Let us start by comparing the percentages of similar users and all users who like each of the movies in our recommended list.

In [21]:
rec_percentages = pd.concat([similar_user_recs, all_user_recs],axis=1)
rec_percentages.columns = ['similar','all']
rec_percentages

Unnamed: 0,similar,all
1,1.000000,0.124728
32,0.160711,0.100293
34,0.130555,0.052229
47,0.225909,0.144469
50,0.275604,0.200513
...,...,...
59315,0.104593,0.054269
60069,0.170640,0.076307
68954,0.159172,0.064944
78499,0.152960,0.035131


Now, to create a recommendation score, we can divide the 'similar' column with the 'all' column to get a ratio. Our goal is for the difference between these columns to be large. The bigger the number in our case, the better the recommendation. 

In [22]:
rec_percentages['score'] = rec_percentages['similar']/rec_percentages['all']
rec_percentages.sort_values('score', ascending=False, inplace=True)
rec_percentages.head()

Unnamed: 0,similar,all,score
1,1.0,0.124728,8.017414
3114,0.280648,0.053706,5.225654
2355,0.110539,0.025091,4.405452
78499,0.15296,0.035131,4.354038
4886,0.235147,0.070811,3.320783


In [23]:
rec_percentages.head(10).merge(movies, left_index=True, right_on='movieId')

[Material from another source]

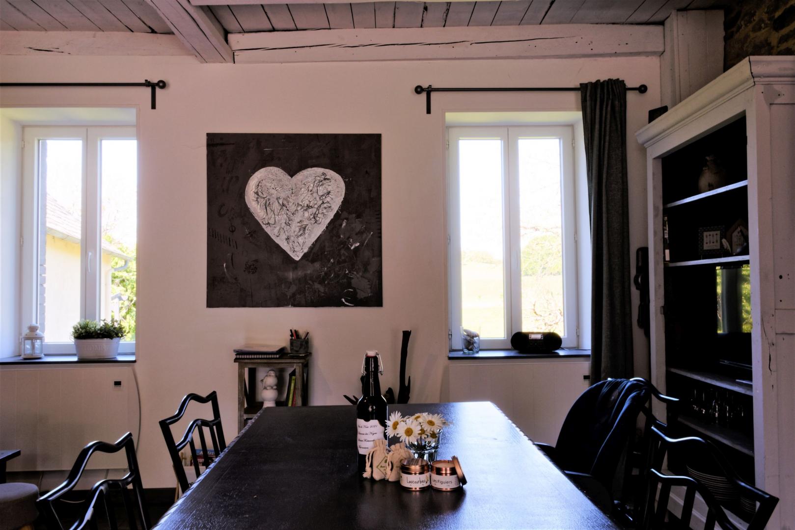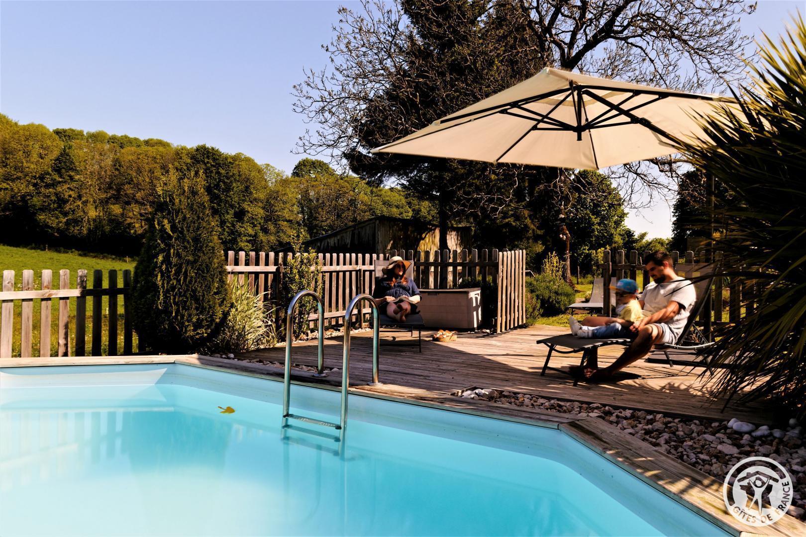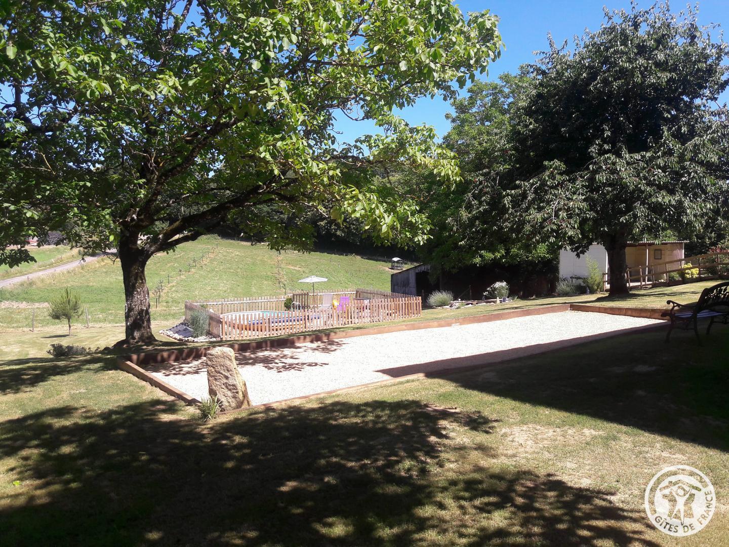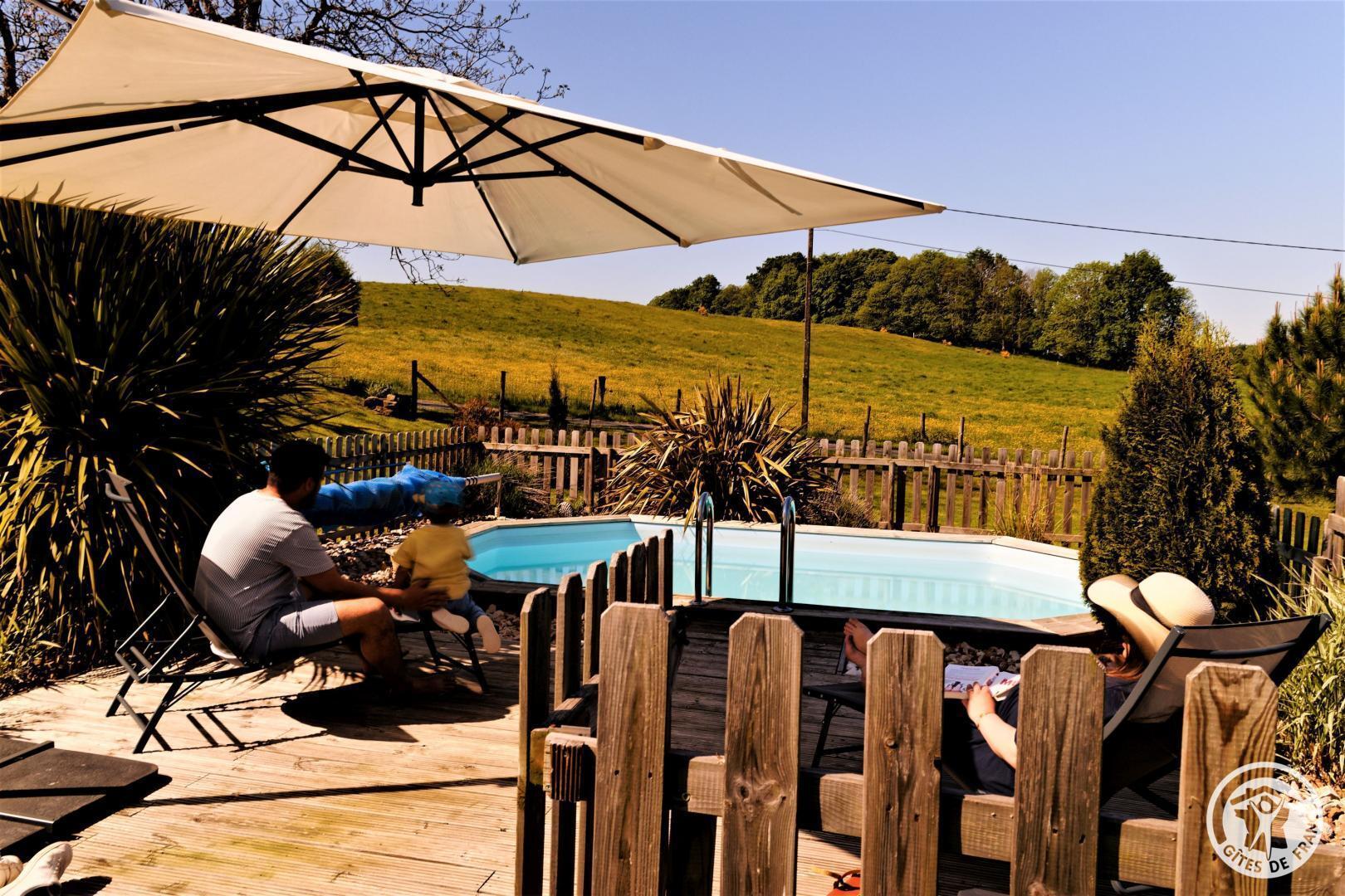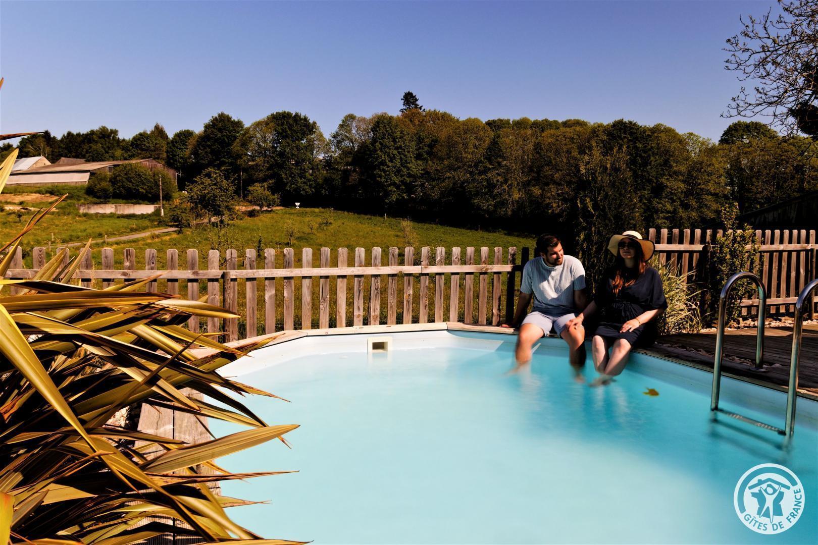 Living room with lounge area (sofa bed for 2 people) and kitchen area, 2 bedrooms upstairs (2 beds 140 X 190) with air conditioning, shower room. Come and relax in a charming house typical of Corrèze at Hameau des Noyers in Sainte Fortunade. This old restored farmhouse, combining old and contemporary, is located in the heart of the Corrèze countryside, a stone's throw from tourist sites. Able to accommodate 4 to 6 people, the cottage has private wooded grounds with an ornamental pond and a secure swimming pool (open from May to the end of September depending on the weather) with a wooden terrace. In the shade of the Walnut trees, let yourself be tempted by a game of pétanque with our bowling alley and a swing. In a dry stone barn, discover a 45 m² recreation room which offers a relaxation area with reading space, coloring for children, board games, music, various documentation on Corrèze, table football and ping-pong table and a pool table.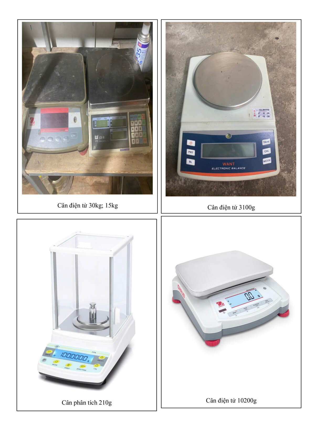Danh sách thiết bị hiệu chuẩn

Unnamed: 0,similar,all,score,movieId,title,genres,clean_title
0,1.0,0.124728,8.017414,1,Toy Story (1995),Adventure|Animation|Children|Comedy|Fantasy,Toy Story 1995
3021,0.280648,0.053706,5.225654,3114,Toy Story 2 (1999),Adventure|Animation|Children|Comedy|Fantasy,Toy Story 2 1999
2264,0.110539,0.025091,4.405452,2355,"Bug's Life, A (1998)",Adventure|Animation|Children|Comedy,Bugs Life A 1998
14813,0.15296,0.035131,4.354038,78499,Toy Story 3 (2010),Adventure|Animation|Children|Comedy|Fantasy|IMAX,Toy Story 3 2010
4780,0.235147,0.070811,3.320783,4886,"Monsters, Inc. (2001)",Adventure|Animation|Children|Comedy|Fantasy,Monsters Inc 2001
580,0.216618,0.067513,3.208539,588,Aladdin (1992),Adventure|Animation|Children|Comedy|Musical,Aladdin 1992
6258,0.228139,0.072268,3.156862,6377,Finding Nemo (2003),Adventure|Animation|Children|Comedy,Finding Nemo 2003
587,0.1794,0.059977,2.99115,595,Beauty and the Beast (1991),Animation|Children|Fantasy|Musical|Romance|IMAX,Beauty and the Beast 1991
8246,0.203504,0.068453,2.972889,8961,"Incredibles, The (2004)",Action|Adventure|Animation|Children|Comedy,Incredibles The 2004
359,0.253411,0.085764,2.954762,364,"Lion King, The (1994)",Adventure|Animation|Children|Drama|Musical|IMAX,Lion King The 1994


### Building a Recommendation Function

In [24]:
def find_similar_movies(movie_id):
    similar_users = ratings[(ratings['movieId']==movie_id) & 
                    (ratings['rating']>4)]['userId'].unique()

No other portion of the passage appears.